| Data for this exercise |
•••••

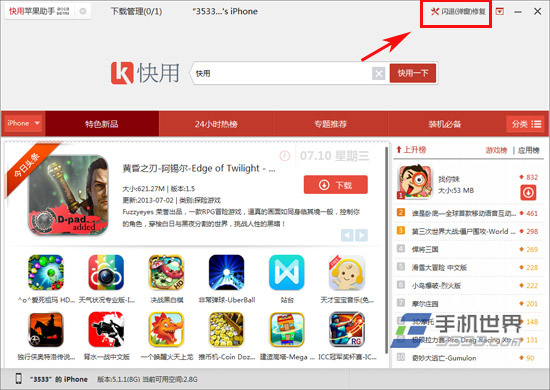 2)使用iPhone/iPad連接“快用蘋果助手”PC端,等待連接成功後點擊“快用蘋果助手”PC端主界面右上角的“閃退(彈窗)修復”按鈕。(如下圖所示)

•••••

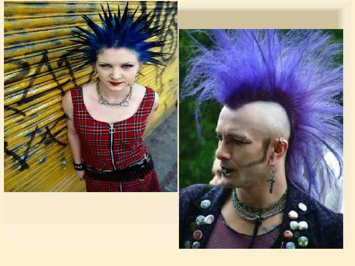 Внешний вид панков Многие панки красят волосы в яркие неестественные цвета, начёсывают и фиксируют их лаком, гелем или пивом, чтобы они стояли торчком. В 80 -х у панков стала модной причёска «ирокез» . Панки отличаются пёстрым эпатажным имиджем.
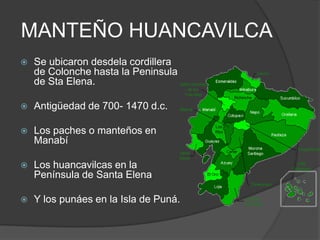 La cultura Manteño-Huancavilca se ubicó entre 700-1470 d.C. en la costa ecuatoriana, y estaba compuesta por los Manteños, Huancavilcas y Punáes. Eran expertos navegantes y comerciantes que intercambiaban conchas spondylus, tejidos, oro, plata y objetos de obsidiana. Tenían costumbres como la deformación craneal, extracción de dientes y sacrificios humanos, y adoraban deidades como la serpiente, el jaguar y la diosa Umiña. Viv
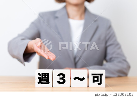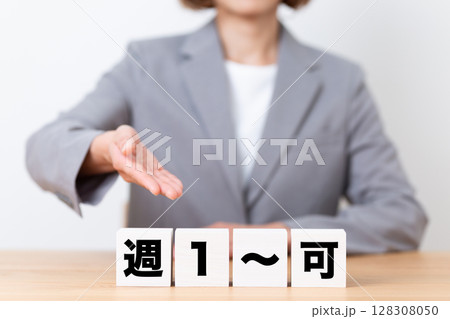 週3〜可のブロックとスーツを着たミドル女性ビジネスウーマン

•••••

| Task to carry out |
Could you output exactly the lines above, from the line with "La cultura Manteño-Huancavilca" up to and including the line with "週3〜可のブロックとスーツを着たミドル女性ビジネスウーマン", and nothing else, skipping the pictures?

| Exercise answer |
 La cultura Manteño-Huancavilca se ubicó entre 700-1470 d.C. en la costa ecuatoriana, y estaba compuesta por los Manteños, Huancavilcas y Punáes. Eran expertos navegantes y comerciantes que intercambiaban conchas spondylus, tejidos, oro, plata y objetos de obsidiana. Tenían costumbres como la deformación craneal, extracción de dientes y sacrificios humanos, y adoraban deidades como la serpiente, el jaguar y la diosa Umiña. Viv
 週3〜可のブロックとスーツを着たミドル女性ビジネスウーマン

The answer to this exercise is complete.